2017 Meetings Industry Hopes & Predictions

Originally published Meetings Today Blog

Predictions and resolutions are the stuff new years are made of. In the last days of 2016, on Facebook and other social media sites, after the deaths of beloved celebrities, many said they wanted 2016 over; that “enough was enough.”

Keith Knight, known mainly for his cartooning but to me known as a brilliant speaker on police brutality and race relations, got it right in his Jan. 1, 2017 cartoon.

Others of us, in reaction to the election results in the U.S. and elsewhere, to the horrors against humanity in so many countries, including the United States—the killing and homelessness and poverty of so many—wondered if we could just hold on to 2016 to get it right before we started again.

2017, alas, is here.

At the end of 2015, I wrote a predictions blog that I never posted. I reviewed it at the end of 2016 and found, much to my dismay, too much was still true.

Instead of revising that, I started over, seeking, before I wrote, input from colleagues in a variety of positions in our industry. My thanks to those who were able to respond; to those whose lives made it impractical, I hope, when you read this, you’ll add what you might have said if you had been able.

The questions I asked of colleagues and my responses follow. Add what you hope and predict for our industry—or more broadly, for our world—in the comments below. And please answer the poll questions too so we have a sense of what you, our readers, think.

The world is in a great deal of flux. What is your hope for meetings and our broader hospitality industry for 2017?

I hope that we…

  1. Remember that hospitality and meetings are about people, bringing them together to solve problems, learn and take the results of those interactions back to their work places, communities, homes and to renew body, spirit and knowledge.
  2. Look at technology as a tool not as a solution at and for meetings and at and for facilities—that replacing people’s jobs (concierge, room service, front desk, restaurant servers and perhaps meeting professionals since anyone, right, can take forms and complete them to arrange a meeting, etc.) with robots or other technology may not be the best thing for our economies and for what may soon not be a relationship industry.
  3. Help build on the diversity and recognition of those over-represented but not recognized or in positions of authority (women and people of color) and people of more diverse backgrounds through more conversations like the one used here. Also that hotels stop giving excuses for not being really accessible while pretending to be in compliance with the ADA (Watch for an upcoming newsletter on accessibility, personal experiences and what you can do).
  4. Take our responsibilities as industry professionals seriously and learn more about how meetings can be different than they have been. (You know my stand on awful room sets. If just one hotel or conference center could please have an ad or website with a room set that is audience-centric…).
  5. Act against laws in states like Texas where they are likely to enact a law similar to that North Carolina passed and that caused meetings and business to cancel. If you can’t see it as a human rights issue, see it, as diversity is always positioned in our industry, from the business case (If you read this before or during PCMA in Austin, head on over to the State House for the opening of the Legislature on 1/10).

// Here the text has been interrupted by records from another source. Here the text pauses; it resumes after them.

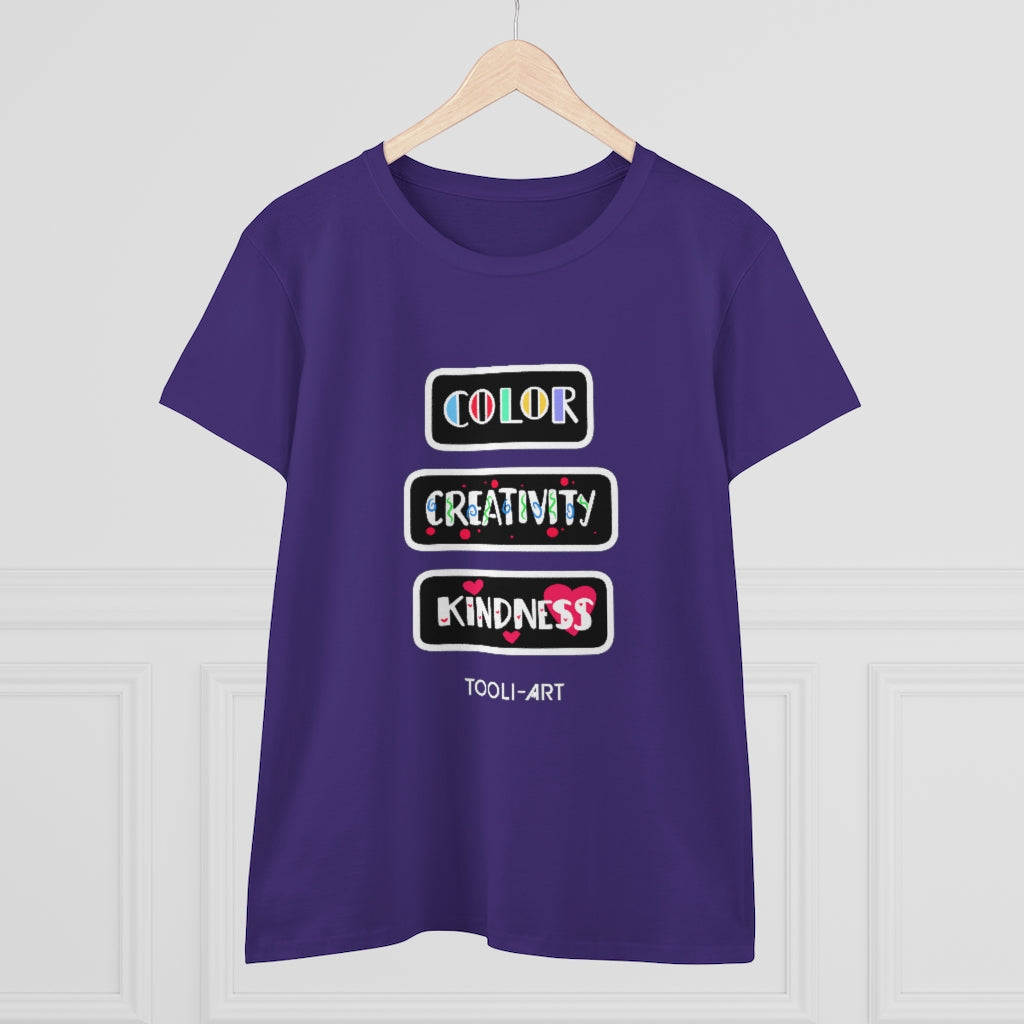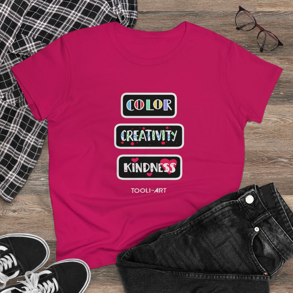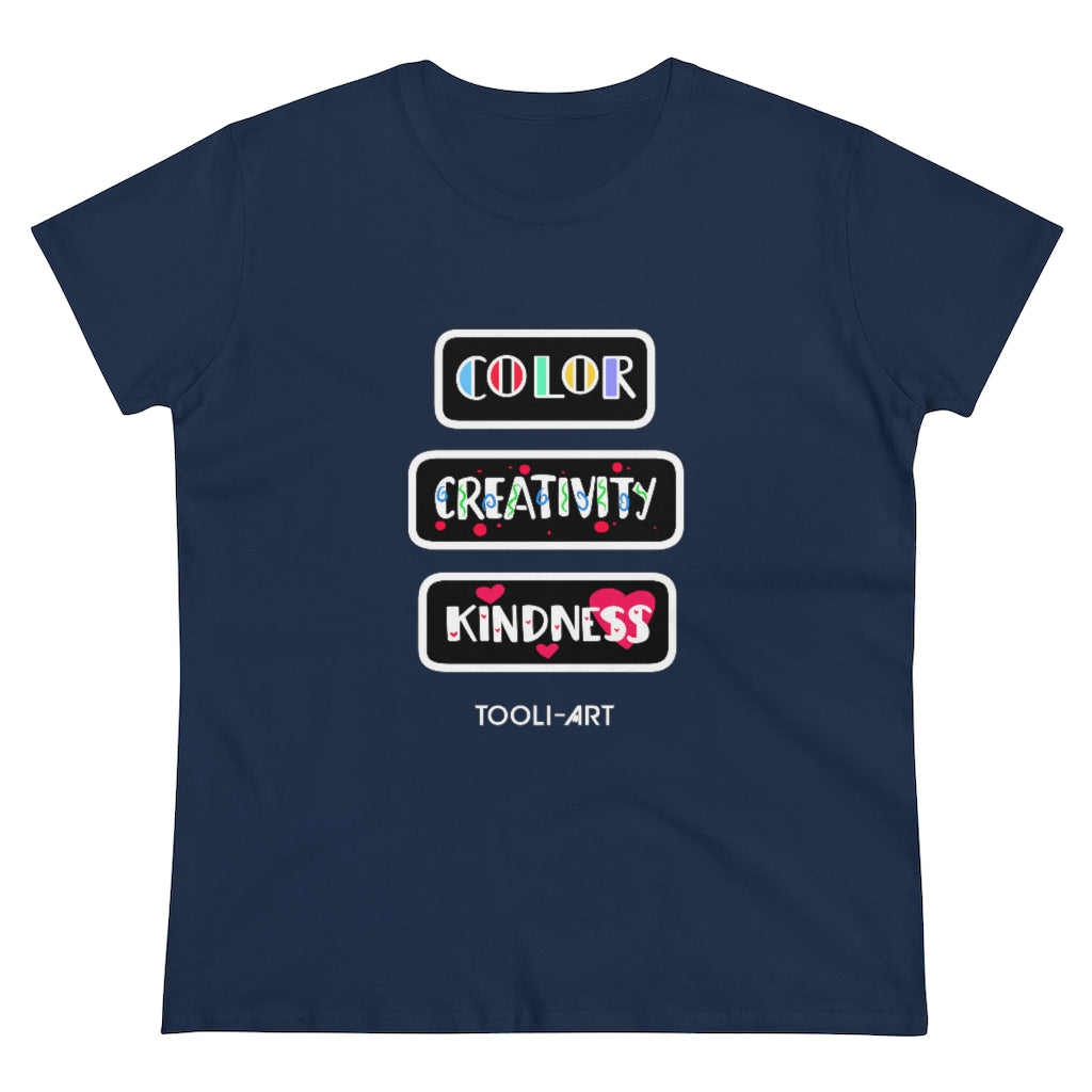 TOOLI-ART Women's Midweight Cotton Tee - COLOR CREATIVITY KINDNESS
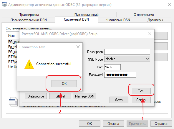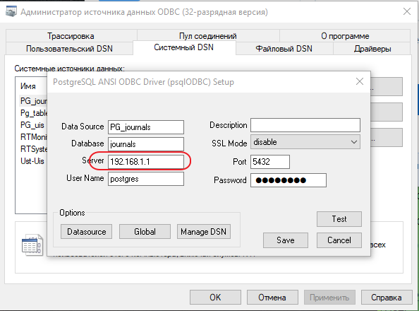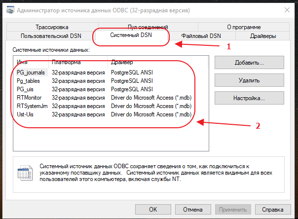 Выбираем закладку «Системный DSN» и выбираем источник данных, который настроен у Вас на сервере.
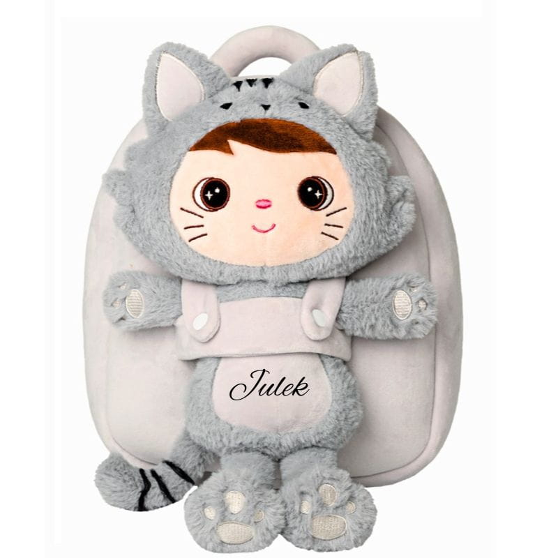 Plecak Metoo Puchaty Kocurek szary z odpinaną przytulanką z imieniem
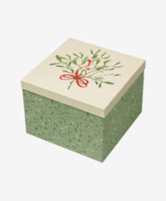 Zaļajai kartona kastei ir dekoratīva apdruka svētku noskaņā. Tā ir praktiska un estētiska, tāpēc lieliski piemērota, lai kastē iesaiņotu pārsteigumus mīļajiem. Dāvanas šādā iepakojumā izskatās īpaši un rada prieku jau no pirmā acu uzmetiena.
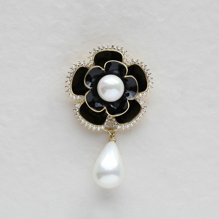 キュービックジルコニアで縁取られたフラワーモチーフのフェミニンなブローチ。揺れるパールがエレガントなクラス感を醸し出し、普段着からおでかけ、セレモニーまで幅広いシーンにマッチします。
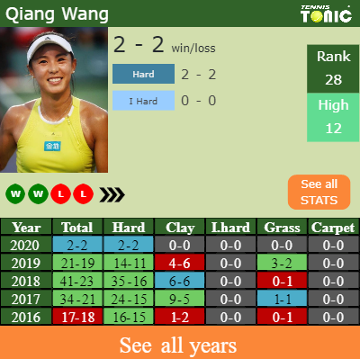 Qiang has a 2-2 win-loss record in 2020, 2-2 on hard (See FULL STATS).
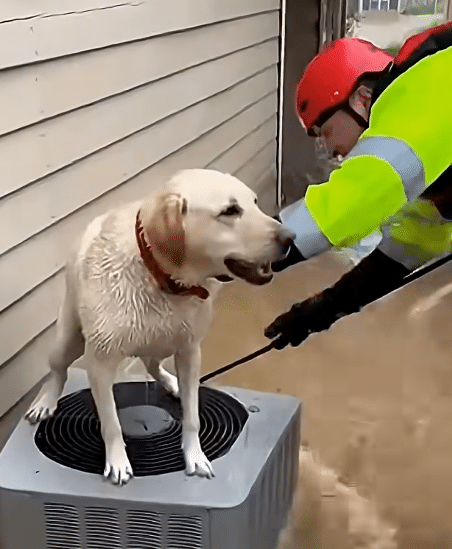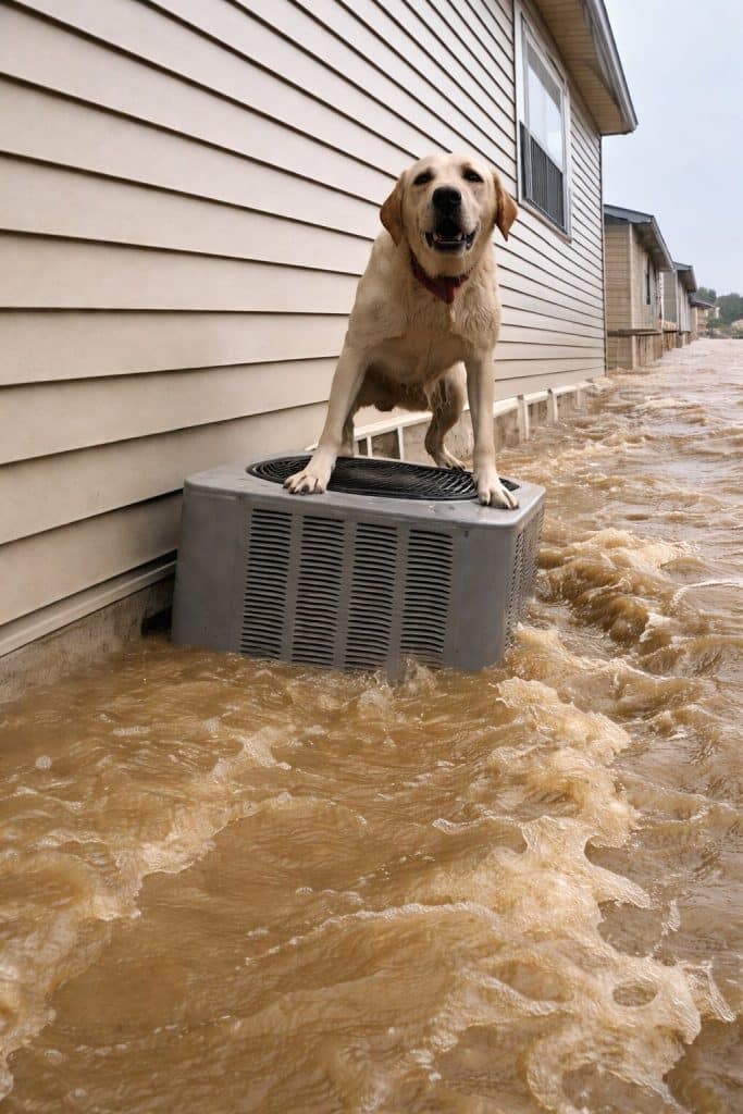 Murky, fast-moving, and relentless, it swept through the streets, leaving little behind. And in the middle of it all, perched on top of a small outdoor air conditioning unit, stood a golden Labrador.
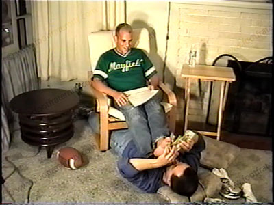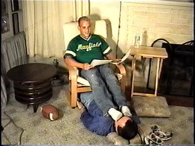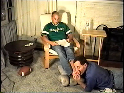 After football practice, he is dressed in uniform & sneakers, as he relaxes in chair with his foot slave pinned beneath his feet for the first service of his sweaty socks & bare feet worship. He is demanding, controlling, verbal & enjoys the power a slave humiliated by him while at his feet. Then bare feet & toes licked, kissed & sucked as he watches. Two views of this scene, one full, one close up. Total verbal from the start.
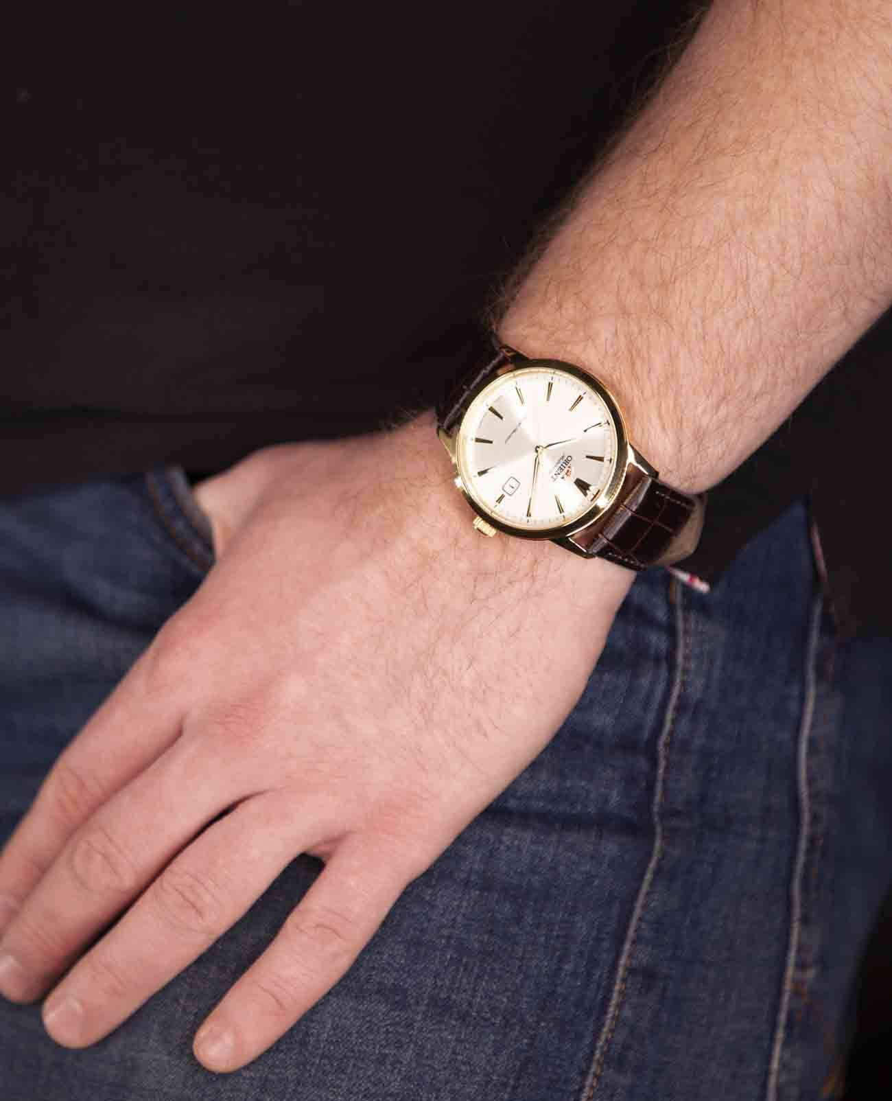 Мужские механические часы Orient Automatic RA-AC0F04S с автоподзаводом представляют собой сочетание классического стиля и современных технологий. Циферблат защищен прочным минеральным стекломМинеральное стеклоМинеральное стекло представляет собой искусственно выращенный минерал кварца. Такое стекло отличается особой устойчивостью к повреждениям и царапинам. Уступает по некоторым качествам сапфировому стеклу., что предотвращает появление царапин и обеспечивает отличную видимость. Корпус часов выполнен из нержавеющей стали с PVD-покрытиемPVDУльтратонкое покрытие наносится в технике вакуумного напыления, сочетает в себе нитрид титана особой прочности со слоем золота или оксида хрома. Несёт в себе декоративную или защитную функцию., что повышает его износостойкость и долговечность. На позиции «3 часа» расположено окошко даты, облегчая быстрый доступ к этой информации. Внутри механизма находится 22 камня, а частота колебаний составляет 21 600 полуколебаний в час, что обеспечивает стабильную и точную работу часов. Запас хода достигает 40 часов, что позволяет часам функционировать длительное время без дополнительного подзавода. Класс водозащиты 50 метров защитит часы от случайных брызг или попадания капель дождя, однако для плавания они не предназначены. Кожаный ремешок с классической застежкой завершает образ, придавая часам элегантный и универсальный вид. Orient Automatic RN-AC0F04S (RA-AC0F04S) — идеальный выбор для тех, кто предпочитает надежные и стильные аксессуары, способные подчеркнуть индивидуальность своего владельца.
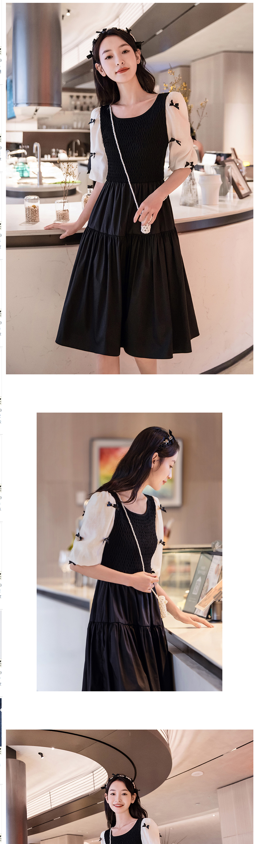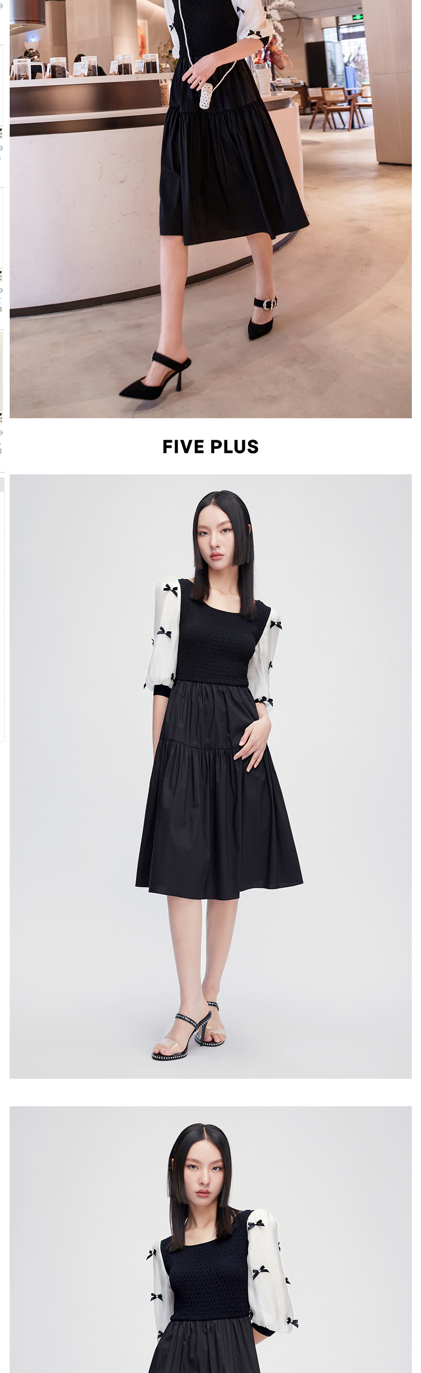 FIVE PLUS2022新款女夏装气质蝴蝶结连衣裙女高腰法式中长款裙子2WN2081370
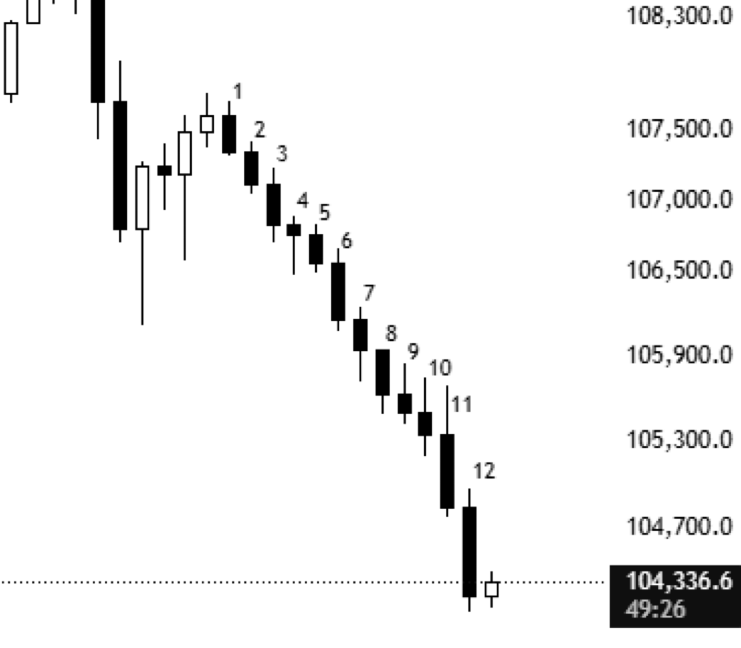 12 consecutive red candles leads to oversold
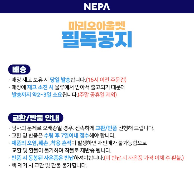 상품불량에 의한 반품, A/S, 품질보증 및 피해보상 등에 관한 사항은 소비자 분쟁해결기준(공정거래위원회 고시) 구매자가 미성년자인 경우에는 상품 구입시 법정대리인이 동의하지 아니하면 미성년자 본인 또는 법정대리인이 구매취소 할 수 있습니다. |
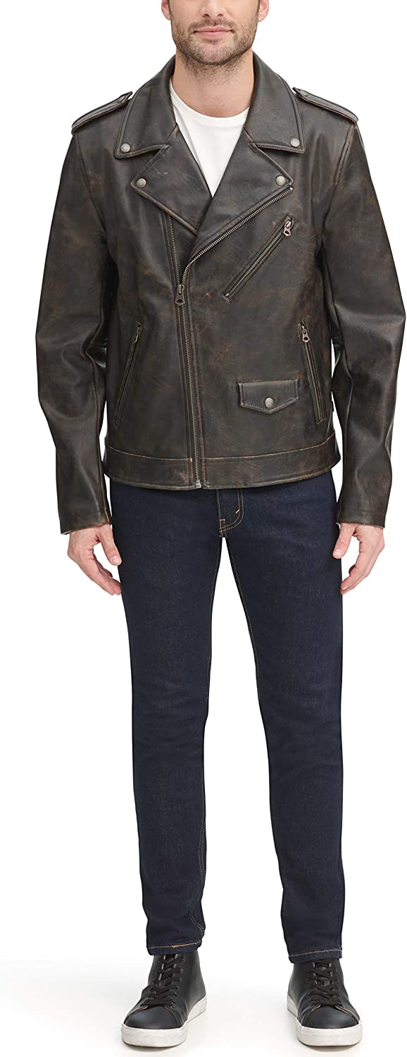 Classic faux leather motorcycle jacket with buffalo plaid lining, zipper front closure, epaulettes on shoulders, zipper detailed cuffs, Levi's red tab on left chest pocket. One chest welt zipper pocket, two lower welt zipper pockets, and one small coin pocket with snap. closure and one interior welt pocket with snap closure.
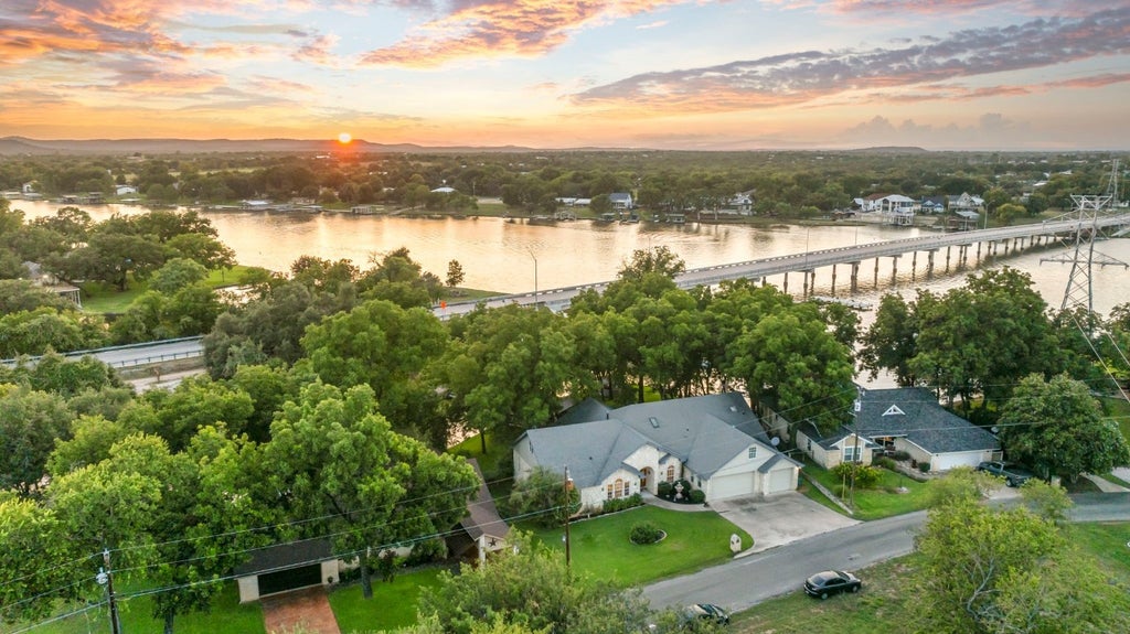 Enjoy everything Lake LBJ has to offer. Spacious, updated home on a double lot with open water views. Hop on your boat and be on the open water inseconds. Home is perfect for family lake life with an open floorpan, large kitchen, two owners suites, guest room with ensuite bath and an office. Upstairs isthe sprawling finished attic with a large central area perfect for a pool table and game room. 2 alcoves off the main attic space offer extra sleeping spacesand could be closed off to create traditional bedrooms. Upstairs could easily sleep 8-12 guests and has it's own kitchenette and full bath, plus giant storageclosets. Quiet location across from the greenbelt. 180 feet of water frontage. Backyard gazebo is a charming spot for coffee or cocktails. Boat dock with twostalls and electric lift. One hour from Austin, 1 hour 45 minutes from San Antonio. Realtor.com lists property as AE Flood Zone- only a small portion of the lotalong the water is in the flood zone. The home does not sit in the flood zone nor has it ever flooded.

If you choose to do so, what are your hopes for the world for 2017?

My hopes are not much different for the world as for our industry and mirror many of those expressed by my colleagues in what I call “Part 2” of the Jan. 6 newsletter.

As a child and still as an adult, I’ve always believed if we could just talk with each other and see life from each other’s points of view or experiences, we might make peace. So the optimistic idealist (or pessimistic optimist) in me wants to believe that in spite of the dictators and torture, in spite of the pretense of getting along when we don’t, we might find common ground (See the link above and here again for an example).

What is your prediction for one area of meetings or hospitality for 2017?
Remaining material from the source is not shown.